“The problem is a lack of supply in the housing market,” said the co-founder of First Israel Mortgages. “The only way to bring down prices is to build more homes.”
By ZEV STUB
Israel’s housing prices continue to rise sharply, with no sign of slowing down. Last week, the Central Bureau of Statistics reported that average home prices rose by 5.6 percent over the past year. Meanwhile, new Housing and Construction Minister Ze’ev Elkin told a conference for the Israel Builders Association that prices are going to continue to rise even more dramatically in the coming year.
At the same time, Israel’s new government has made lowering housing costs and increasing affordable housing options some of its key goals for the coalition.

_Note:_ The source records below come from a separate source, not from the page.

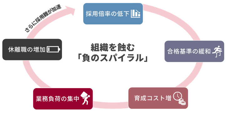 採用倍率の低下は、組織に負のスパイラルを引き起こす引き金となり得ます。
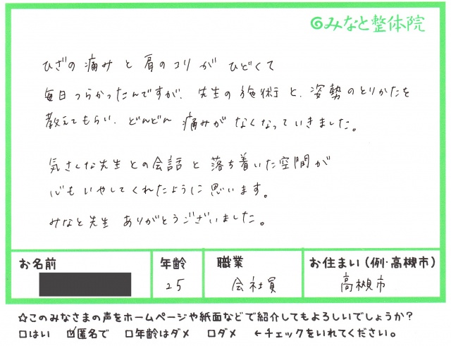 ホーム > 患者さんの声 > 膝の痛みと肩こり 2010/05/17 肩こりも膝の痛みもどんどん良くなってくれました。 すごく胸を張ってしまっている姿勢だったのでやめてもらうように指導。あと立ち方と。 ちゃんとしっかり守ってくれました。 胸を張らない姿勢を受け入れるか楽とはわかっていても、猫背な気がして受け入れられないか。 楽な姿勢でいるのがダメ!という感覚の方は非常に多いですね。 でも「目からうろこです。」と喜んでくれる人も多い。 昨日の常識は、今日の非常識。 - 患者さんの声 Tweet 関連記事 よくならなかった首のもやもや 久しぶりに感想を頂いたのでご紹介! コートネーム→煌「ファン」 腰痛@バドミントン 膝の痛み!水がたまる・・・。 更新しました。 長年の腰と膝の痛み 手首が痛い PREV 我が家も無線です。 NEXT グレイソン
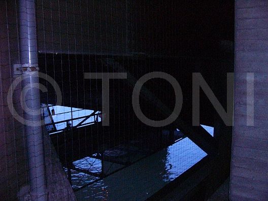 Bei einem Wasserkraftwerk in Würzburg wurde dieses Netz über einen Vorhof montiert. Durch die Wahl der Farbe und der passenden Maschenweite fällt das Netz so gut wie nicht auf.
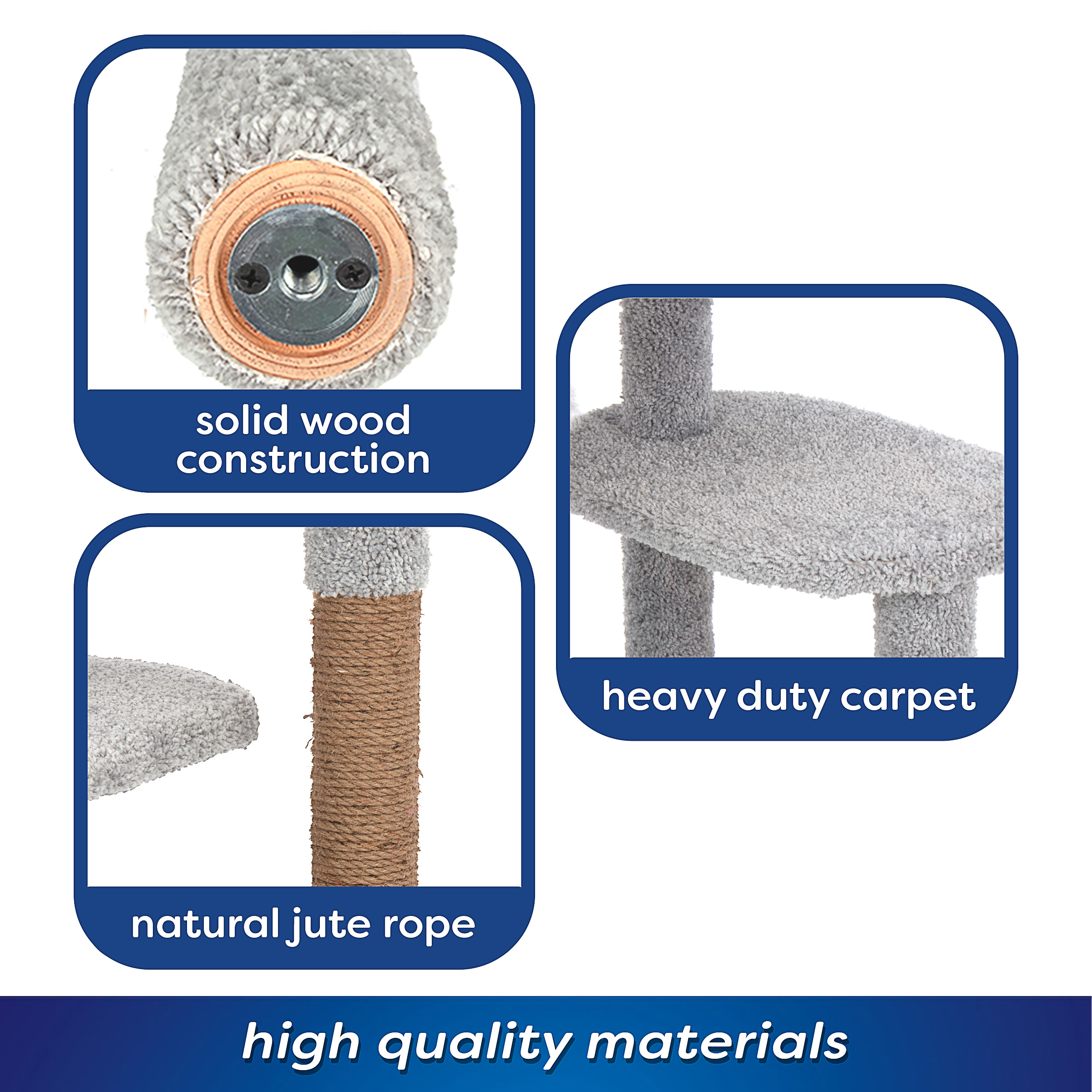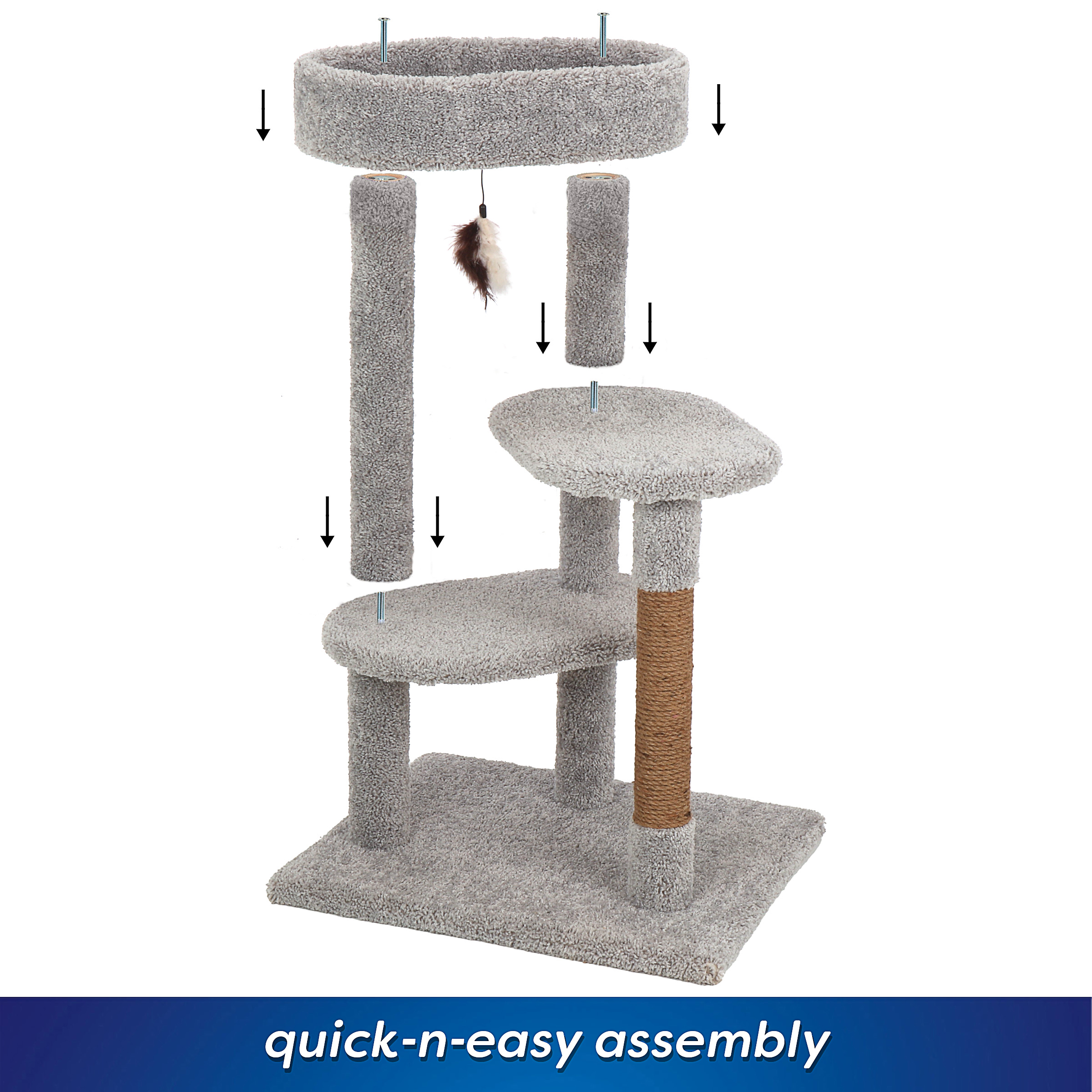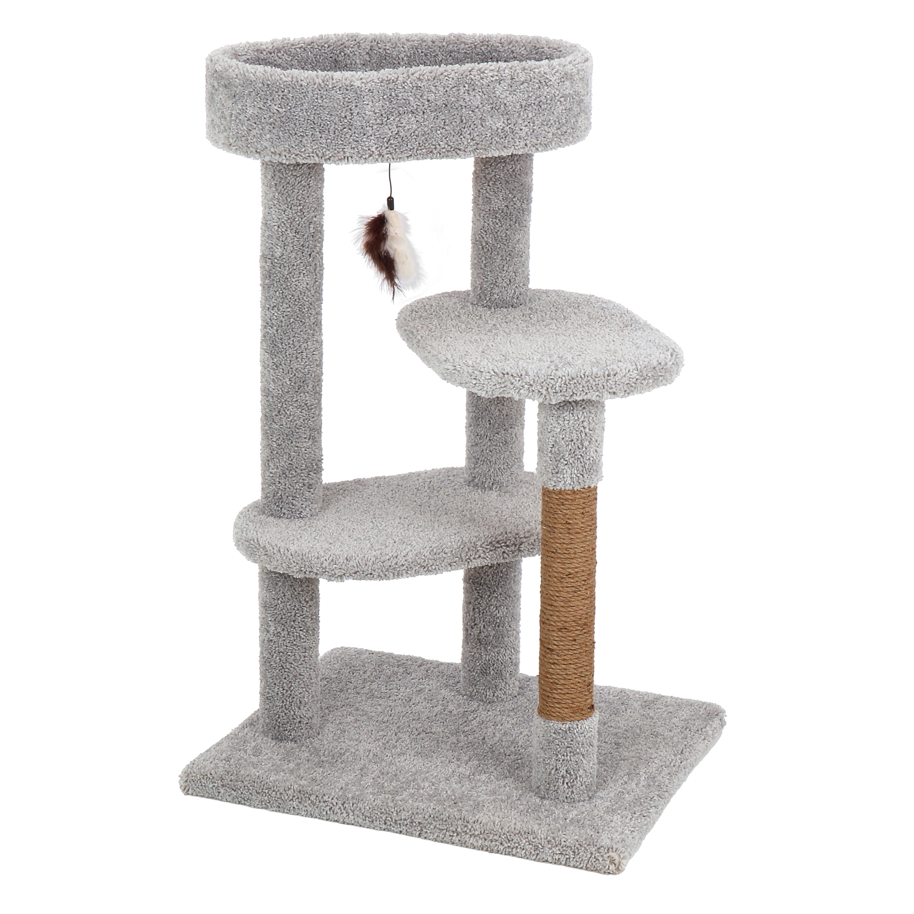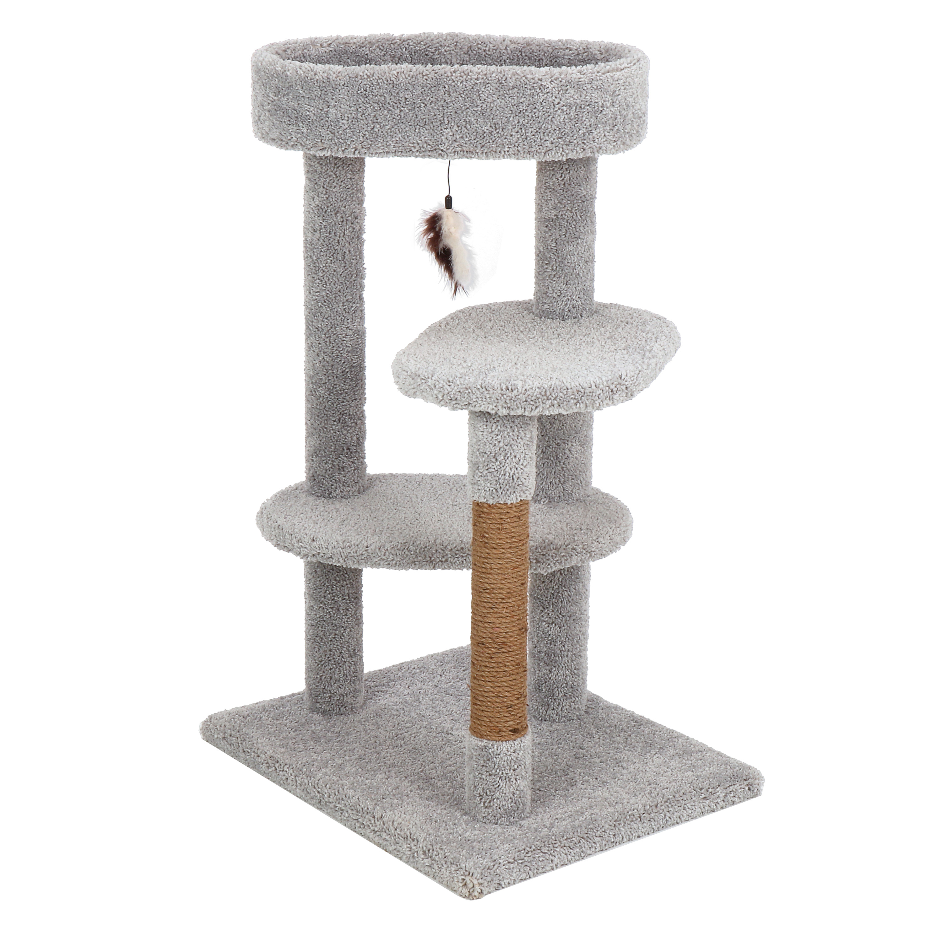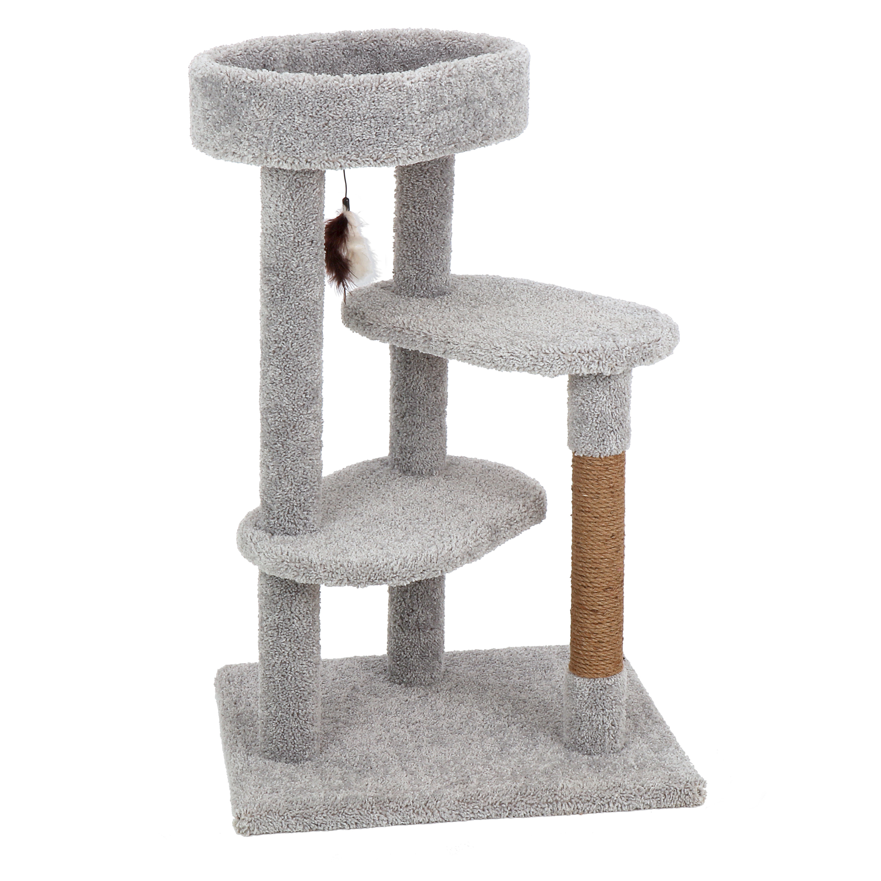 A 36" tall cat tree built with a stair-step design for cats yound and old to climb. A cozy cuddler sits on top and provides and comfy lounging area with a view. Handcrafted in the USA with solid wood and household carpet. Combines ready-to-assemble shipping with pre-built quality for the best of both worlds!

So what can new Elkin do to try to reign in prices?
Elkin’s spokesman told The Jerusalem Post that he is currently working on formulating a plan for reducing prices that should be ready in about two weeks. Until then, there will be no comment, he noted.
To many, what needs to be done is clear. “The problem is a lack of supply in the housing market,” said Tzvi Shapiro, co-founder of First Israel Mortgages. “The only way to bring down prices is to build more homes.”
The Israel Land Authority (ILA), the government body in charge of managing the use of land in Israel, is widely blamed for a large part of the problem. New lands for building are not being made available in an efficient or transparent fashion, and a recent report by the state comptroller charged that the office doesn’t have a medium- or long-term strategy for implementing its mission. Indeed, despite the pressing national need for increased building, the number of new housing starts is actually falling. Housing starts have dropped each year since 2016, and in the first quarter of 2021, there were just 12,100 building starts, 20% than a year earlier and the lowest quarterly figure since 2012.
Elkin’s main job will be finding a way to free up much more land at a faster pace, Shapiro said. The government has set a target of adding 300,000 units to the home market, while just over 50,000 are currently being approved each year.
Some have suggested that higher taxes will need to be used as a tool to reduce housing demand. Last July, Then-Finance Minister Israel Katz cut purchase taxes for investors buying more than one home, reversing a decision made in 2016 by his predecessor, Moshe Kahlon, to increase taxes on investment properties. The number of investment purchases in the market has skyrocketed since then, further fueling price increases.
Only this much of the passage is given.